§ **Work item**
Please return the listing exactly, line for line.

§ **Available data**

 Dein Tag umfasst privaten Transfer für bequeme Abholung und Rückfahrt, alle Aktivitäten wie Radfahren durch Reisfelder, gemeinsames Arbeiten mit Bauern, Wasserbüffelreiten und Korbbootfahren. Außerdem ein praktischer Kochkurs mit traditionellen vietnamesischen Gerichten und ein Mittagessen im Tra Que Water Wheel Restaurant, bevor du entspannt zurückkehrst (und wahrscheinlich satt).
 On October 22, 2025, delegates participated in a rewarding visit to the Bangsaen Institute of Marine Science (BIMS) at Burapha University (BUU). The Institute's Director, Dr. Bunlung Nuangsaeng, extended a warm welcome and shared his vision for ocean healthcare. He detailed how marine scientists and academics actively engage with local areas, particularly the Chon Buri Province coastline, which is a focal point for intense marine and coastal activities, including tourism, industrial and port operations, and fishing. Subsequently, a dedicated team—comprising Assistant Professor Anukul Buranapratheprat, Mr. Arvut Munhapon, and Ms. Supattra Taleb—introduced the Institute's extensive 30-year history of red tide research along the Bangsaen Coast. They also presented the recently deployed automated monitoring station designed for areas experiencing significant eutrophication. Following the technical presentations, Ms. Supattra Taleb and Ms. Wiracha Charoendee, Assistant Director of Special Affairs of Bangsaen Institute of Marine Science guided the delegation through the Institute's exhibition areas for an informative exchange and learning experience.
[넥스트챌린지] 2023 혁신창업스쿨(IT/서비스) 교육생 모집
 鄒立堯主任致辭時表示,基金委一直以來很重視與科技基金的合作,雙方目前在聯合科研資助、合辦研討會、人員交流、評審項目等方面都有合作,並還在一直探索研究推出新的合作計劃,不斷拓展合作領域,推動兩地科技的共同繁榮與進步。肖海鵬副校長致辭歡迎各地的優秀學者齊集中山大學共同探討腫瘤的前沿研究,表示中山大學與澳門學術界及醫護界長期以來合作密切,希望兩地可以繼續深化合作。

§ **Output of the exercise**
 Dein Tag umfasst privaten Transfer für bequeme Abholung und Rückfahrt, alle Aktivitäten wie Radfahren durch Reisfelder, gemeinsames Arbeiten mit Bauern, Wasserbüffelreiten und Korbbootfahren. Außerdem ein praktischer Kochkurs mit traditionellen vietnamesischen Gerichten und ein Mittagessen im Tra Que Water Wheel Restaurant, bevor du entspannt zurückkehrst (und wahrscheinlich satt).
 On October 22, 2025, delegates participated in a rewarding visit to the Bangsaen Institute of Marine Science (BIMS) at Burapha University (BUU). The Institute's Director, Dr. Bunlung Nuangsaeng, extended a warm welcome and shared his vision for ocean healthcare. He detailed how marine scientists and academics actively engage with local areas, particularly the Chon Buri Province coastline, which is a focal point for intense marine and coastal activities, including tourism, industrial and port operations, and fishing. Subsequently, a dedicated team—comprising Assistant Professor Anukul Buranapratheprat, Mr. Arvut Munhapon, and Ms. Supattra Taleb—introduced the Institute's extensive 30-year history of red tide research along the Bangsaen Coast. They also presented the recently deployed automated monitoring station designed for areas experiencing significant eutrophication. Following the technical presentations, Ms. Supattra Taleb and Ms. Wiracha Charoendee, Assistant Director of Special Affairs of Bangsaen Institute of Marine Science guided the delegation through the Institute's exhibition areas for an informative exchange and learning experience.
[넥스트챌린지] 2023 혁신창업스쿨(IT/서비스) 교육생 모집
 鄒立堯主任致辭時表示,基金委一直以來很重視與科技基金的合作,雙方目前在聯合科研資助、合辦研討會、人員交流、評審項目等方面都有合作,並還在一直探索研究推出新的合作計劃,不斷拓展合作領域,推動兩地科技的共同繁榮與進步。肖海鵬副校長致辭歡迎各地的優秀學者齊集中山大學共同探討腫瘤的前沿研究,表示中山大學與澳門學術界及醫護界長期以來合作密切,希望兩地可以繼續深化合作。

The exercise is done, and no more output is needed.